The Details tab contains most of the information and updates pertaining to the problem, including the Submitter, Submitter Department and Contact Information, Source of the problem (how it was reported), the Location of the problem, the Business Service and Service impacted by the problem, as well as the Impact, Urgency, and resulting Priority of the Problem. If a CI has been identified, it can also be selected here.
Work Status Tab
All Diagnosis details can be logged here along with the Risk and Root Cause analysis, and any additional working diagnosis notes with time stamps. The Resolution Details section in this tab allows for the detailing of a Workaround for the problem, which can later be updated in the related incidents, or to pull an existing Resolution from the Known Error subset of problems. If the status is Resolved, a Closure Category can also be specified for the problem, and a determination must be made as to whether the problem should be included in a future Major Problem Review. The date the problem was resolved is then automatically logged in the History tab of the record to provide an audit trail.
The Time tab displays the SLA thresholds for the problem, including thresholds for the SLA Diagnosis Time, SLA Resolution Time, and the progress against those thresholds. Amount of time spent working on the problem can also be logged here.
Related Records Tab
The Related Records tab shows the list of incidents related to the problem. If a workaround or resolution has been provided, it can also be pushed from the problem record to all of its related incidents. The problem can also be linked to an existing change request, or can be used to create a new one, copying over all of the relevant information directly from the problem record to the change request. In addition, the Knowledge Management section of this tab also allows the problem to be directly integrated and converted into a record in the Knowledge Articles table with a status of Pending Review.
Reporting and Statistics
There are numerous default reports measuring different metrics for problems, and a few of the most relevant and frequently used are listed here as examples.

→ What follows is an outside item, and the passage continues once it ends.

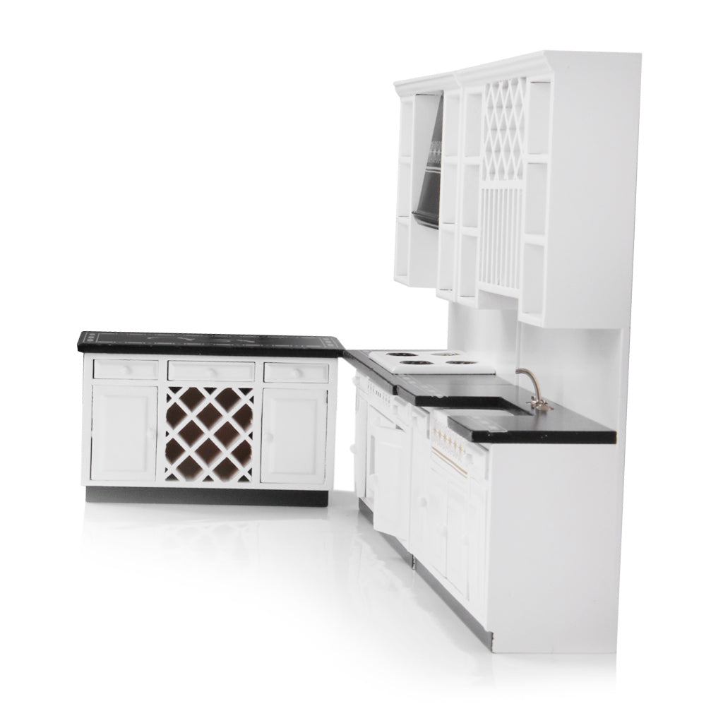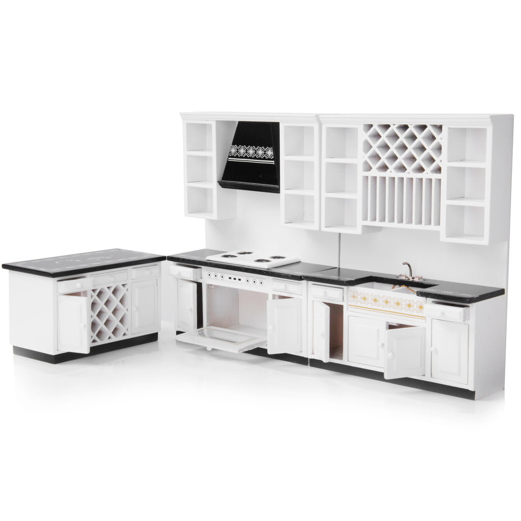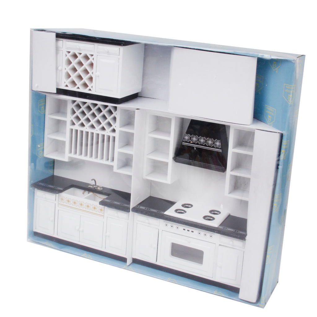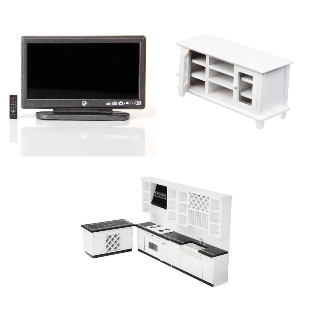 European Style Dollhouse Miniature Furniture Kit - Luxury Cabinet Set(Sink Cabinet + Stove Cabinet + Small Cabinet) & Television & TV Cabinet

Known Error Trend Analysis
This is a Trend graph that shows the number of problems marked as Known Errors over the course of a pre-defined period of time (by default, this is since the beginning of the current year).
All Problems by CI Type, segmented by CI Name
This is a Segmented Bar Chart that shows the number of problems that were reported for each CI type, segmented by the name of the Configuration Item.
Major Problem Review Report
This report shows the major problems by month over the past year. Additional details are in the HTML portion of the report.